Banks fought against 1983 Bill disclosure provision

 

A provision requiring all persons opening non-resident accounts to swear affidavits which would then be available to the Revenue was dropped from the 1983 Finance Bill following protests from the banks.

The measure was modified by the then Minister for Finance, Mr Alan Dukes.

Fianna Fail had wanted the section of the Bill dropped in its entirety.

The chairman of the Revenue Commissioners, Mr Dermot Quigley, referred to the amendment of the provision when he was questioned about the AIB controversy by the Dail Committee of Public Accounts on Tuesday.

In 1983, the then Fianna Fail spokesman on finance, Mr Michael O'Kennedy, described Mr Dukes's proposal as a "crazy notion" and said that contacts in the banking community had told him that it had already caused people to take money out of the Irish banking system.

During a Report Stage debate, he said non-resident depositors feared that the fact of their having deposits in Ireland would become known to the Revenue authorities in the US and Britain, who would be informed by the Revenue here.

Mr O'Kennedy, who said there was £1.4 billion in non-resident deposits at the time, wanted the measure deleted rather than amended and said Mr Dukes's amendment placed "an impossible burden" on the banks.

Mr Seamus Brennan (FF) said he was aware that at least one of the major banks had privately estimated that up to 50 per cent of the money in non-resident deposits was at risk if Mr Dukes's proposal was not amended.

"The rest of the Finance Bill is just mickey mouse stuff compared with the ramifications and implications of this section," he said.

Mr Gay Mitchell (FG) said at the time the measure was aimed at residents who opened non-resident accounts.

"It is alleged that this is a common practice," he said.

He said the attempts by Fianna Fail deputies to oppose every section of the Bill at Report State as well as at Committee Stage would get them no thanks "from the worker or from the man in the street.
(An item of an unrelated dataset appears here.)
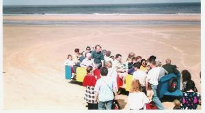 HERE WE HAVE OUR SAND TRAIN WHICH TRAVELS ABOUT A MILE ALONG OUR LARGE SANDY BEACH WHICH STRETCH FOR MANY MILES. THE TRAIN OFTEN GOES INTO THE SEA BRIEFLY MAKING THE RIDE MORE EXCITING.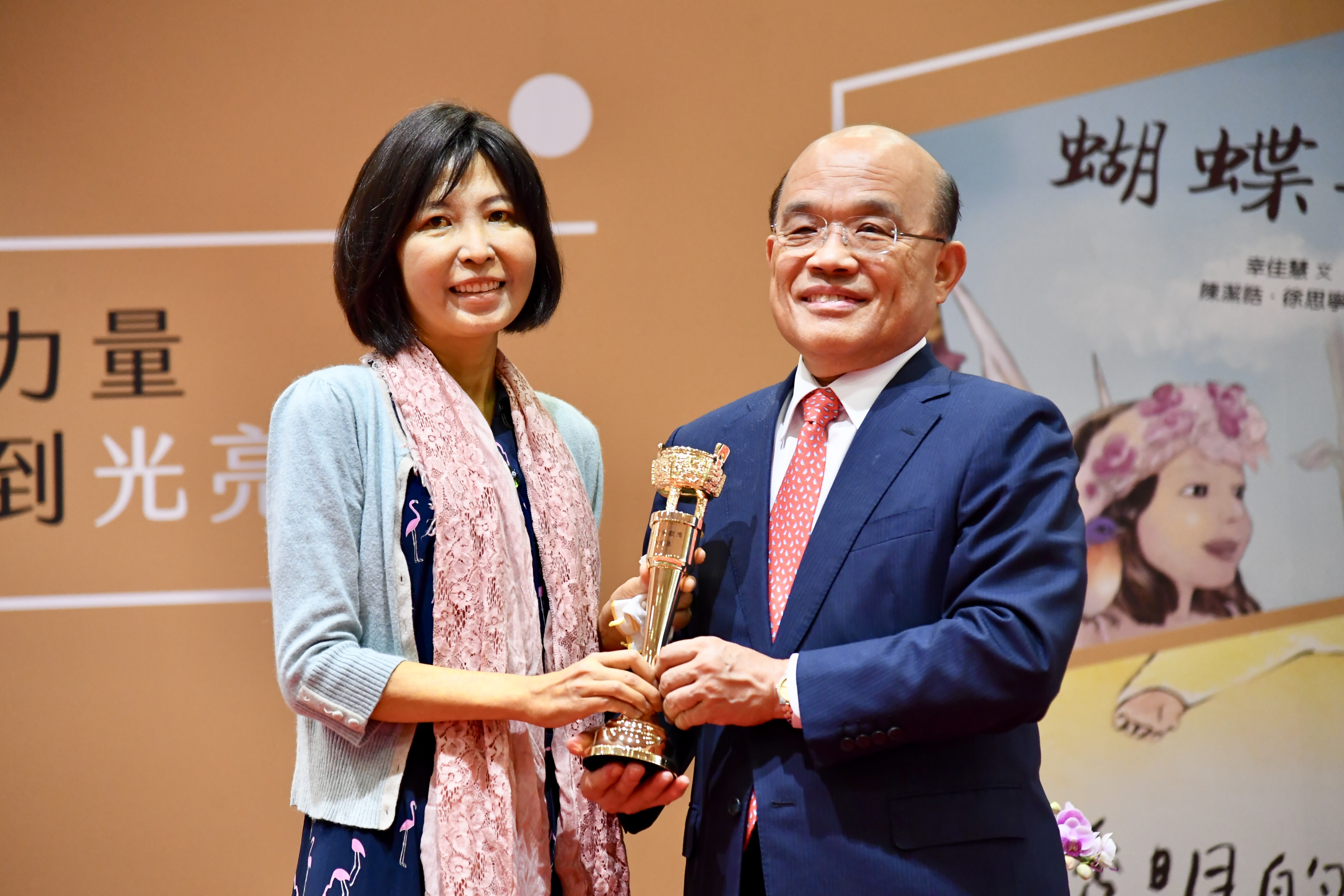行政院長蘇貞昌今(12)日出席「第43屆金鼎獎頒獎典禮」,特別向榮獲特別貢獻獎的幸佳慧女士致敬,也親自頒發「數位創新獎」予獲獎人。蘇貞昌表示,行政院積極推動「出版產業振興方案106-109年中程計畫」......【詳全文】

Probably the only people who will thank them will be those with funds to invest in political parties".

Mr Dukes said the section "is an anti-evasion section to deal with the problem that has been identified and has been known about for some time".

He said he would amend it "in recognition of the importance of the psychology of the market and in recognition of things said from the opposition benches here and in the banking community". The amended section stipulated that non-resident depositors would not normally be required to produce an affidavit.

They would make declarations of non-residence to the banks and, if the bank was not satisfied with the declaration, an affidavit would be sought. This is the current situation.